In Captain Phillips, Tom Hanks stars as the real-life ship captain hijacked by Somali pirates and rescued by American commandos in 2009. The real-life Phillips survived his terrifying ordeal with guts and smarts, and Hanks and director Paul Greengrass bring the story alive. Greengrass is an old hand at movies with urgency and tension: Bloody Sunday, two movies in the Bourne franchise and an Oscar nomination for United 93.
Another key is that Captain Phillips was shot on the high seas on an actual container ship, an actual lifeboat and a skiff just like the real pirates use. As a result, it’s amazingly real when the pirates clamber up the side of the massive ship while both vessels roll in the waves and when the seamen and pirates play hide-and-go-seek below decks in the dark.

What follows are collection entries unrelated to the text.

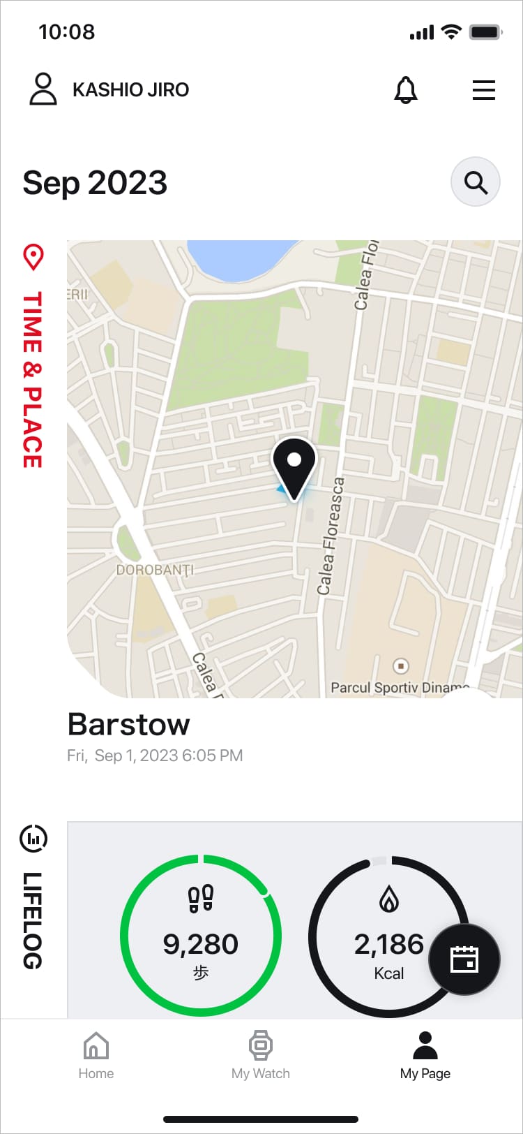 The Time & Place feature for recording activity logs is available for Bluetooth® compatible watches. Just press a button on the watch to record the time and position on a map within the app, a useful feature for keeping track of favorite locations and recording activity logs. A Life Log function is also available for certain watch models for tracking your level of activity. You can also set up a personal profile.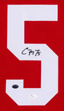 Custom framed display measures 35" x 43" in size. Features a jersey which has been hand-signed in black felt-tip pen by Christian McCaffrey. The autograph includes an official James Spence Authentication (JSA) hologram and matching COA as well as an official Christian McCaffrey for authenticity purposes. Authentication: JSA COA & McCaffrey Hologram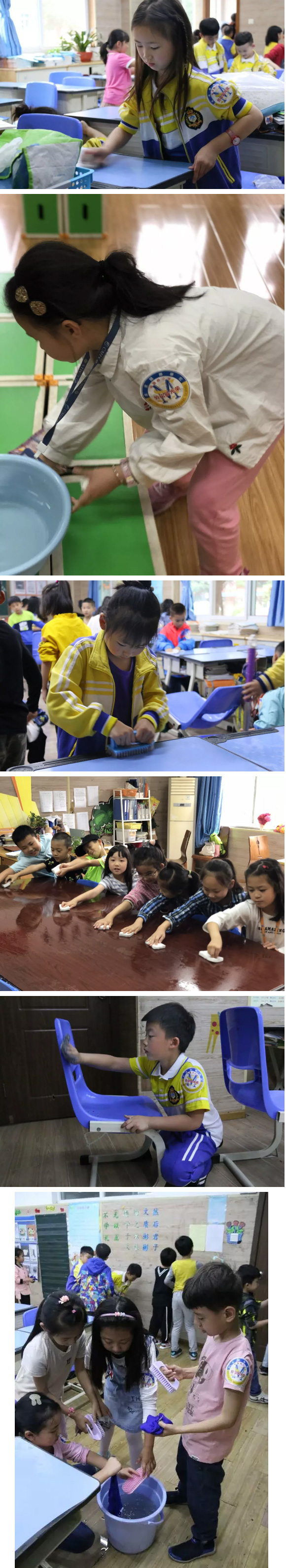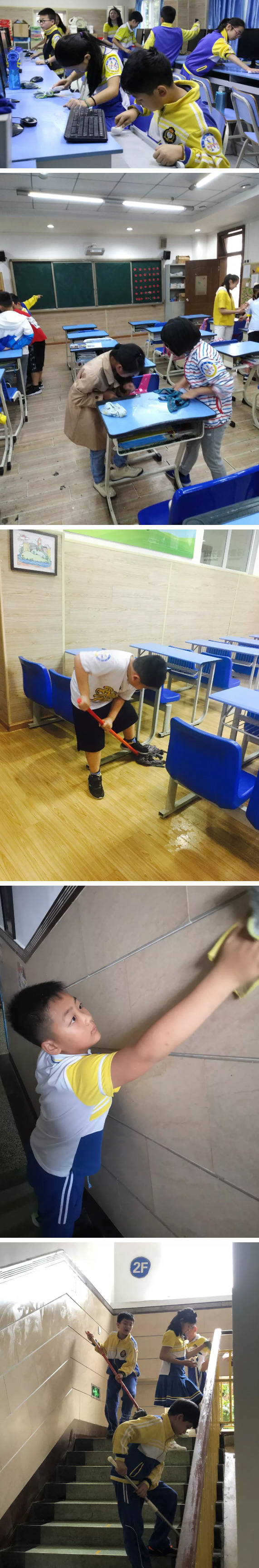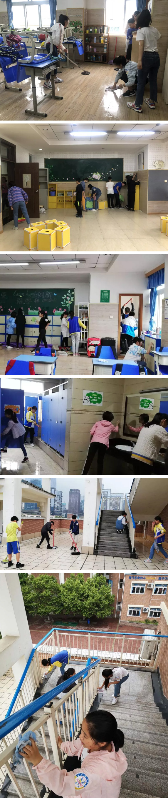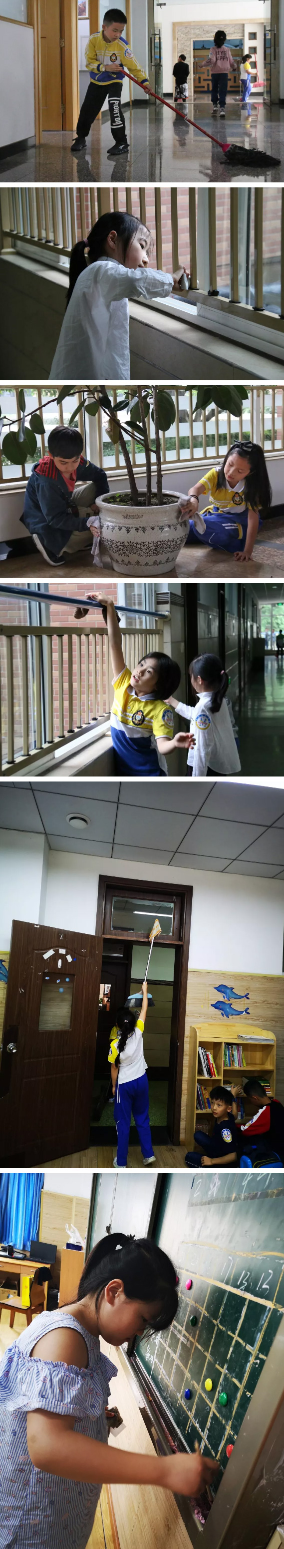 看!樓梯上躬身擦洗欄桿的身影,教室里認真打掃地面的小美寶,教學樓、圖書館、各公共區域……

That being said, the movie wouldn’t work without Tom Hanks, who is unsurpassed at playing an Everyman thrust into a perilous situation. Hanks is our generation’s Jimmy Stewart, and I can see Hanks playing Stewart’s roles in Rear Window, Vertigo, Anatomy of a Murder and The Man Who Shot Liberty Valance.
Most of the pirates are standard types, but the lead pirate is a much more textured character, superbly played by Barkad Abdi, hitherto a Somali-American limo driver from Minneapolis. The depth in Abdi’s performance is also essential to the film’s success. The cast also features character actor Michael Chernus, so good in Higher Ground and Men in Black 3, as the #2 on the ship.
All in all, Captain Phillips is a flawless true story thriller.